● How to complete this task
The job is to output each record exactly as it stands, pictures excluded.

======== Exercise materials

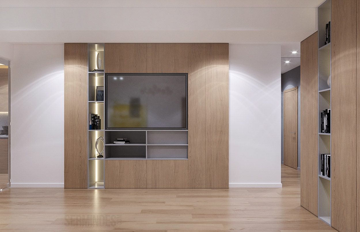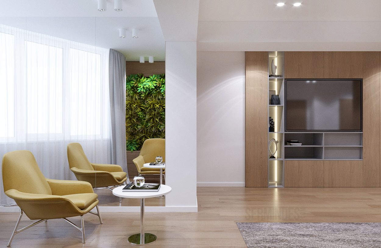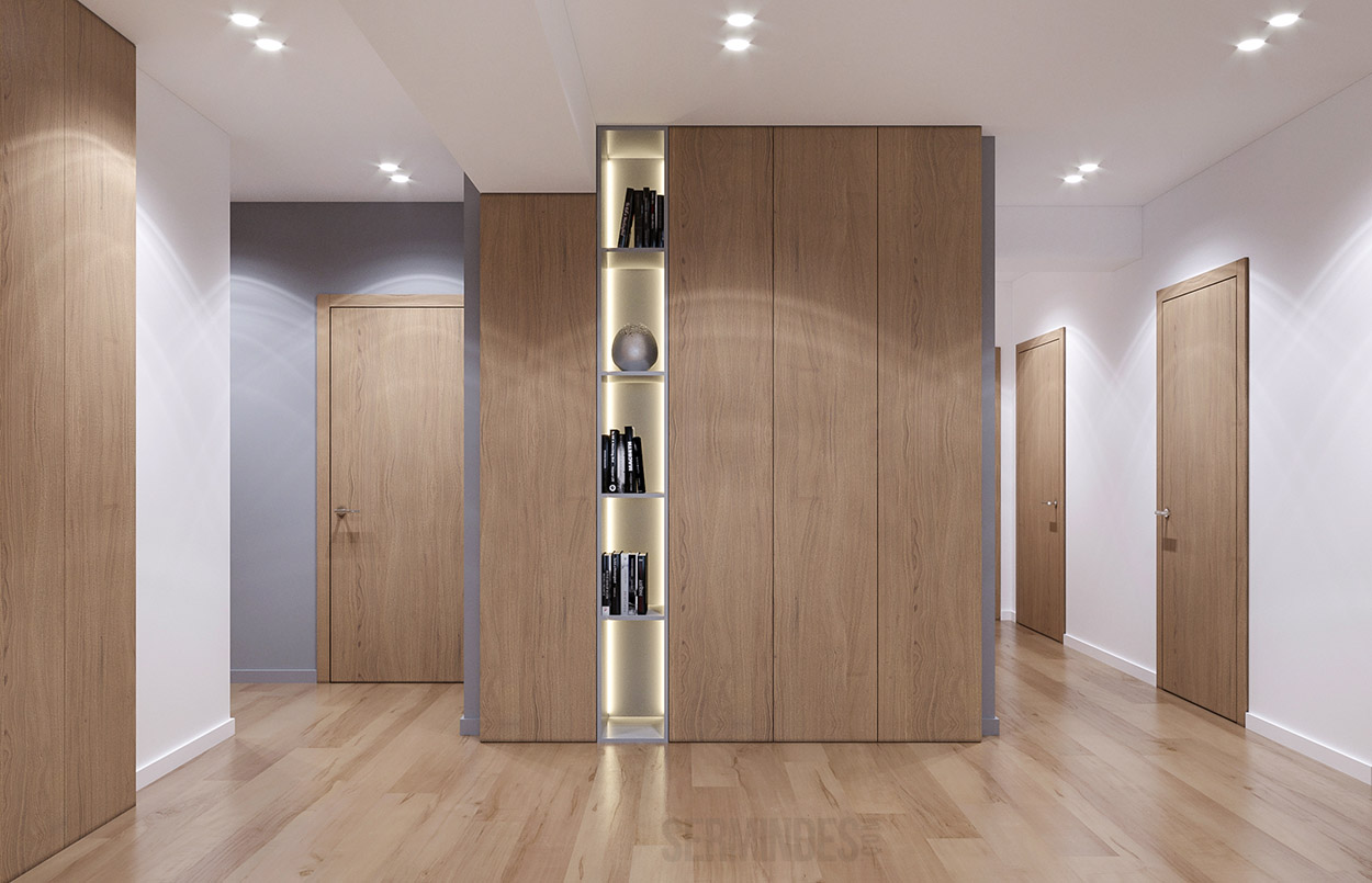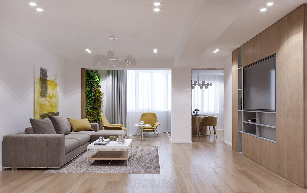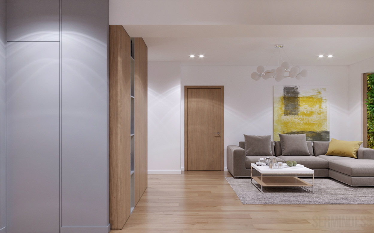 Design interior al unui apartament cu o suprafata de 124 metri patrati. Conceptul a fost elaborat in stil contemporan-minimalist. Materilalele principale, folosite la acest interior, sunt lemnul stejar, gresie-marmura, vopseaua alba si gri.
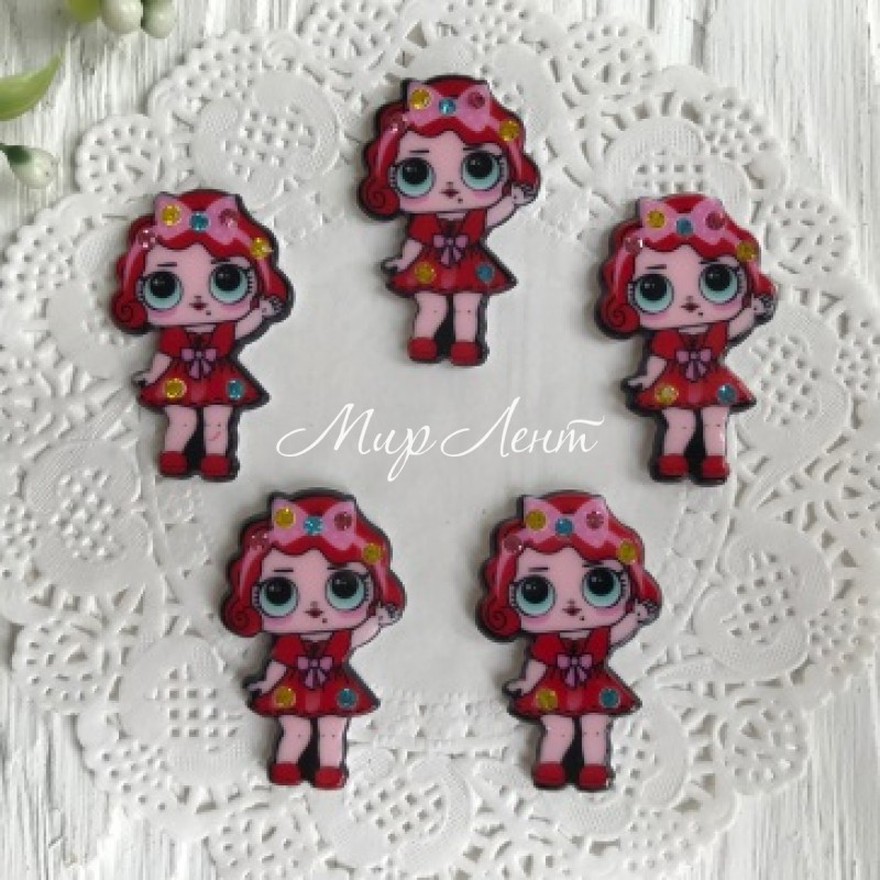 Кабошон Lol со стразами, 3,5 см, в платье красном и повязке, упаковка 25 шт.
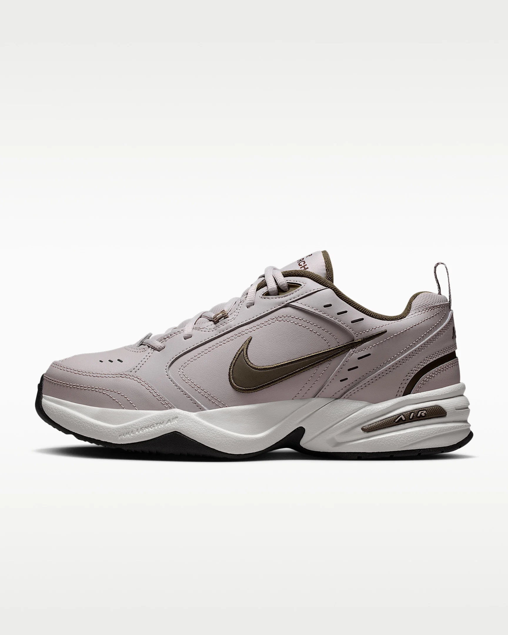 Nike Air Monarch IV sets you up for working out with durable leather on top for support. Lightweight foam teams up with Nike Air cushioning for comfort in every stride. Benefits - Leather and synthetic leather are durable with a classic look. - Full-length encapsulated Air-Sole unit cushions for comfort and support. - Solid rubber sole is durable and provides traction over varied surfaces. Product Details - Shown: Moon Particle/Black/Dark Hazel - Style: 415445-200 SIZE & FIT Fits small; we recommend ordering a half size up
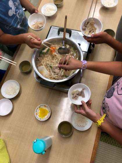 今日は、高原と言えども暑くなりましたが、体調をくずす子もなく、元気に鍋をつついています。
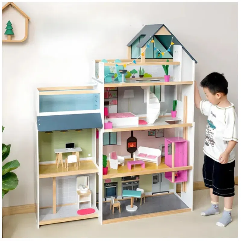 Kids Wooden Doll House Playset
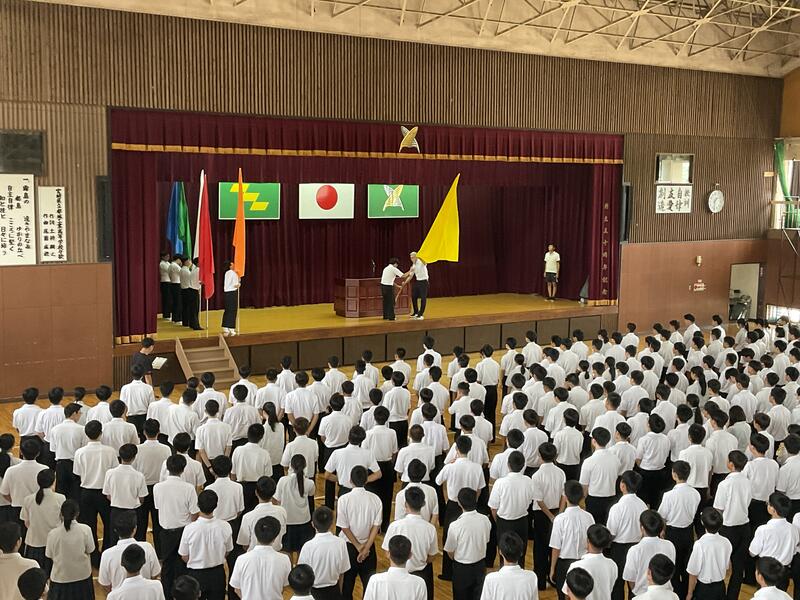 教頭先生から各団の団長へ団旗が授与され、その後各学科に分かれてリーダーや団長からの決意表明がありました。
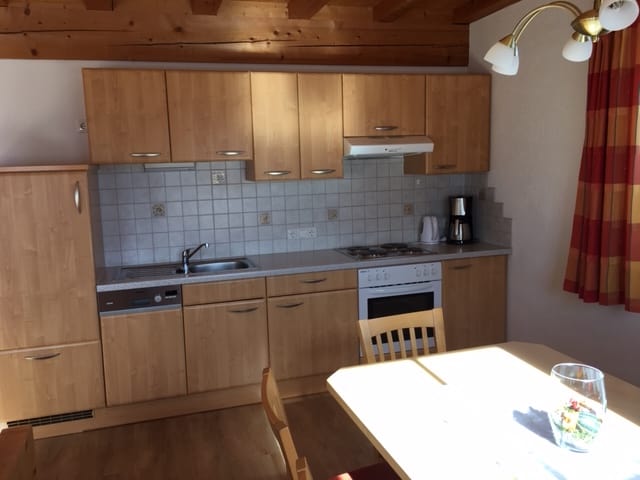 Die Ferienwohnung ist 70 qm groß, hat zwei getrennte Doppelbettzimmer, Wohnküche mit Eßecke und Wohnecke,
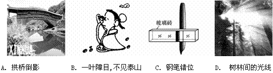 A.笔“断”了 B.水中倒影 C.邮票放大 D.手影
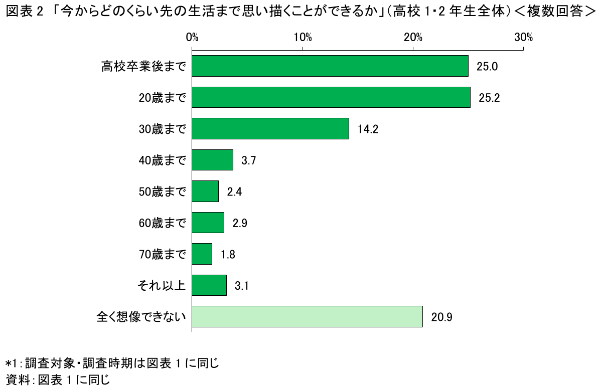 また、この調査では、既述した職業や家族形成の意向などに加え、将来の生活設計に関し、今からどのくらい先の生活まで思い描くことができるかについてもたずねている。その結果によると、20歳より先の将来を思い描いていると答えた生徒は全体の3割程度にとどまり、「全く想像できない」とした生徒も2割程度を占める(図表2)。半数超の生徒は「高校卒業後まで」を含め「20歳まで」と答えており、この時点で長い生涯の生活設計を具体的に思い描くのは、難しいことを示唆する結果となっている。
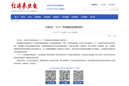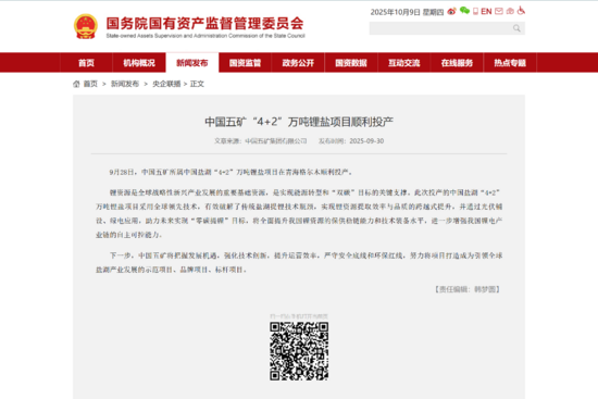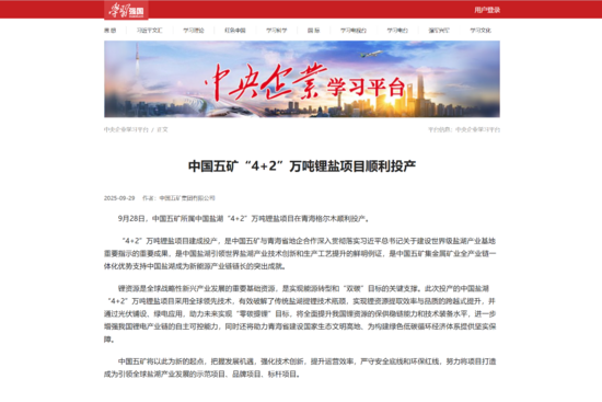 近日,中国五矿“4+2”万吨锂盐项目在青海格尔木顺利投产,人民网、新华网、国务院国资委网站、学习强国、经济参考报、中国能源报等主流媒体纷纷就此展开报道。
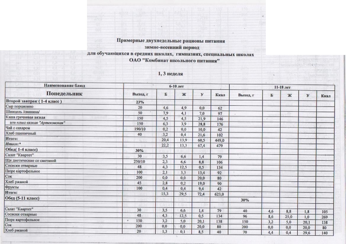 двухразовое питание (длительность пребывания 6-8 часов)
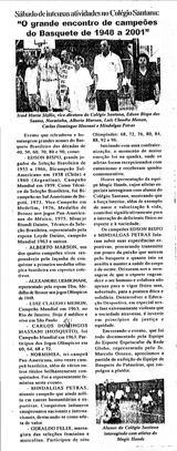 - Jornal Tribuna da Zona Norte destaca o evento "O Grande Encontro de Campeões do Basquete" desde a seleção de 1948 - Olimpíadas de Londres. Nov / 2.001.
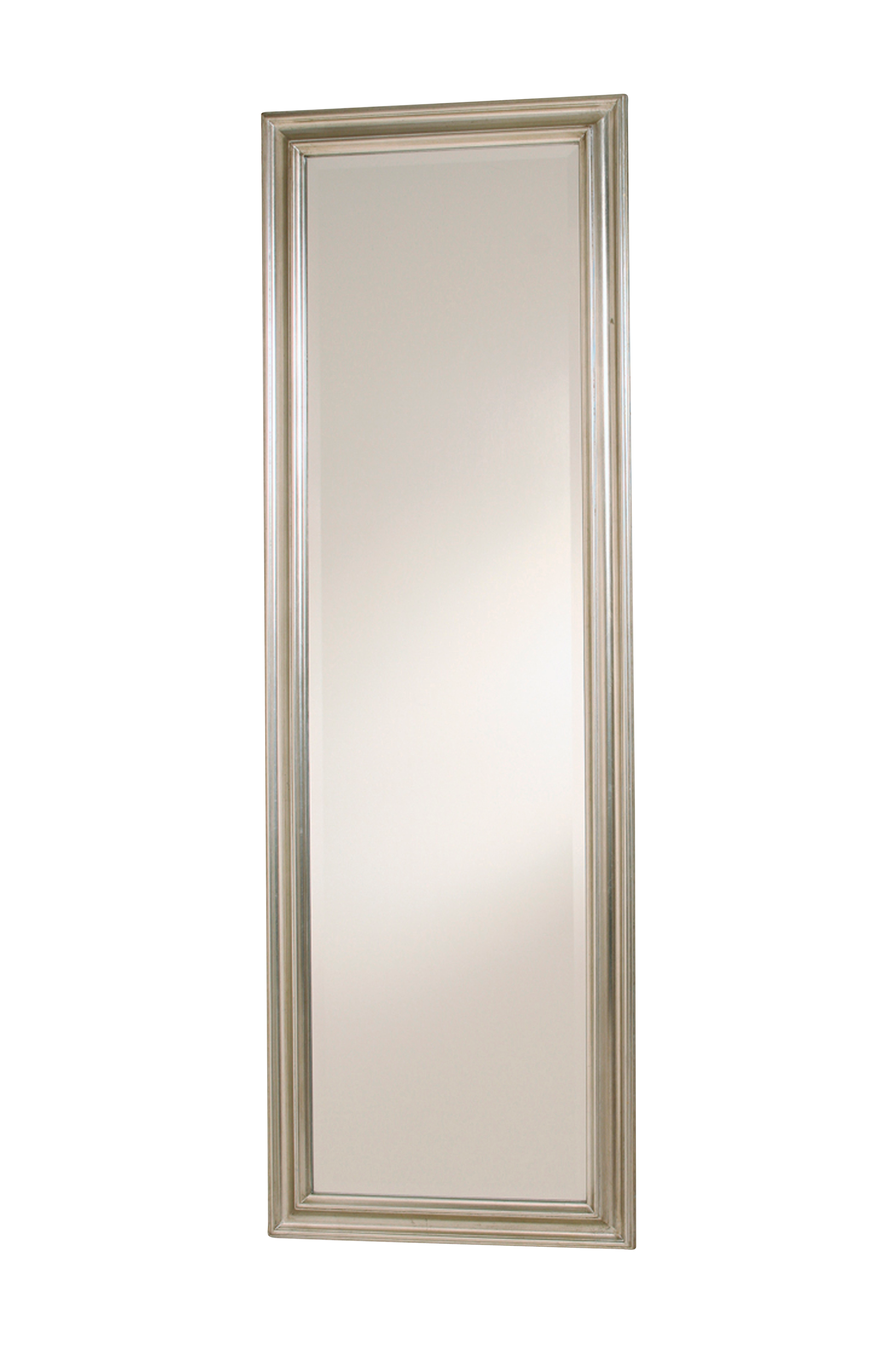 Speil i sølvfarget keisertre. Speilet har fasettkant, er 53 cm bredt, 157 cm høyt og 4 cm dypt. Leveres med feste til å henge speilet enten liggende eller stående.
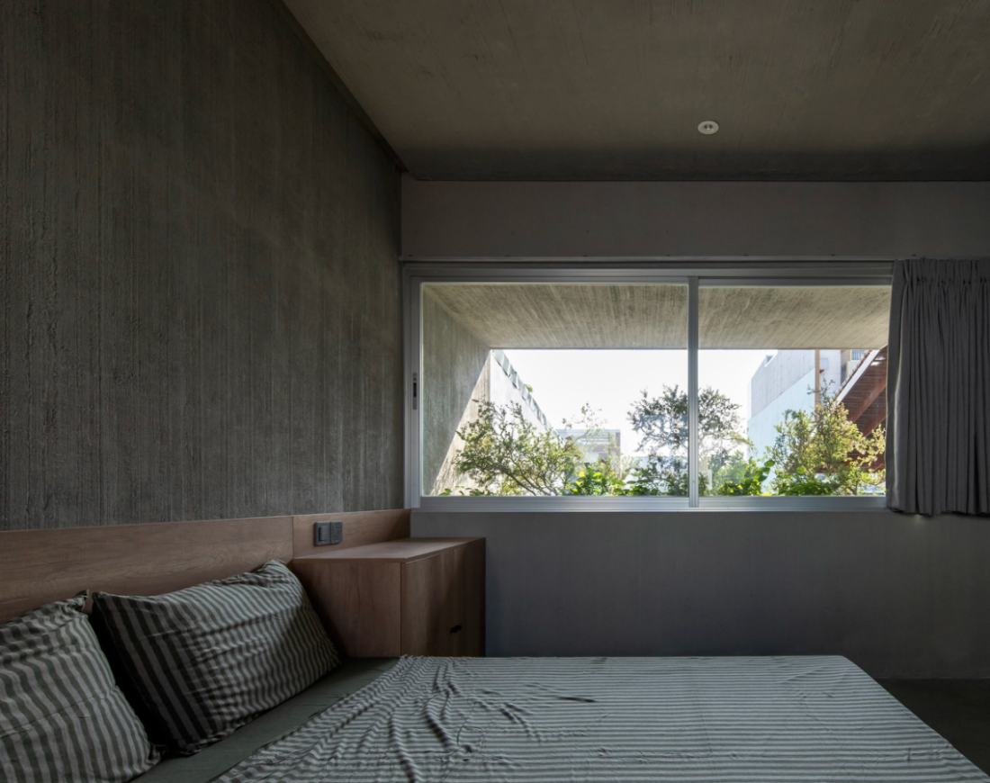 Ngoài ra, phòng ngủ ở tầng 1 có hướng nhìn trực tiếp ra khu vườn – đây sẽ là nơi dành cho bà ngoại ở lại khi đến thăm con cháu trong nhà.

================

● Solved exercise
 Design interior al unui apartament cu o suprafata de 124 metri patrati. Conceptul a fost elaborat in stil contemporan-minimalist. Materilalele principale, folosite la acest interior, sunt lemnul stejar, gresie-marmura, vopseaua alba si gri.
 Кабошон Lol со стразами, 3,5 см, в платье красном и повязке, упаковка 25 шт.
 Nike Air Monarch IV sets you up for working out with durable leather on top for support. Lightweight foam teams up with Nike Air cushioning for comfort in every stride. Benefits - Leather and synthetic leather are durable with a classic look. - Full-length encapsulated Air-Sole unit cushions for comfort and support. - Solid rubber sole is durable and provides traction over varied surfaces. Product Details - Shown: Moon Particle/Black/Dark Hazel - Style: 415445-200 SIZE & FIT Fits small; we recommend ordering a half size up
 今日は、高原と言えども暑くなりましたが、体調をくずす子もなく、元気に鍋をつついています。
 Kids Wooden Doll House Playset
 教頭先生から各団の団長へ団旗が授与され、その後各学科に分かれてリーダーや団長からの決意表明がありました。
 Die Ferienwohnung ist 70 qm groß, hat zwei getrennte Doppelbettzimmer, Wohnküche mit Eßecke und Wohnecke,
 A.笔“断”了 B.水中倒影 C.邮票放大 D.手影
 また、この調査では、既述した職業や家族形成の意向などに加え、将来の生活設計に関し、今からどのくらい先の生活まで思い描くことができるかについてもたずねている。その結果によると、20歳より先の将来を思い描いていると答えた生徒は全体の3割程度にとどまり、「全く想像できない」とした生徒も2割程度を占める(図表2)。半数超の生徒は「高校卒業後まで」を含め「20歳まで」と答えており、この時点で長い生涯の生活設計を具体的に思い描くのは、難しいことを示唆する結果となっている。
 近日,中国五矿“4+2”万吨锂盐项目在青海格尔木顺利投产,人民网、新华网、国务院国资委网站、学习强国、经济参考报、中国能源报等主流媒体纷纷就此展开报道。
 двухразовое питание (длительность пребывания 6-8 часов)
 - Jornal Tribuna da Zona Norte destaca o evento "O Grande Encontro de Campeões do Basquete" desde a seleção de 1948 - Olimpíadas de Londres. Nov / 2.001.
 Speil i sølvfarget keisertre. Speilet har fasettkant, er 53 cm bredt, 157 cm høyt og 4 cm dypt. Leveres med feste til å henge speilet enten liggende eller stående.
 Ngoài ra, phòng ngủ ở tầng 1 có hướng nhìn trực tiếp ra khu vườn – đây sẽ là nơi dành cho bà ngoại ở lại khi đến thăm con cháu trong nhà.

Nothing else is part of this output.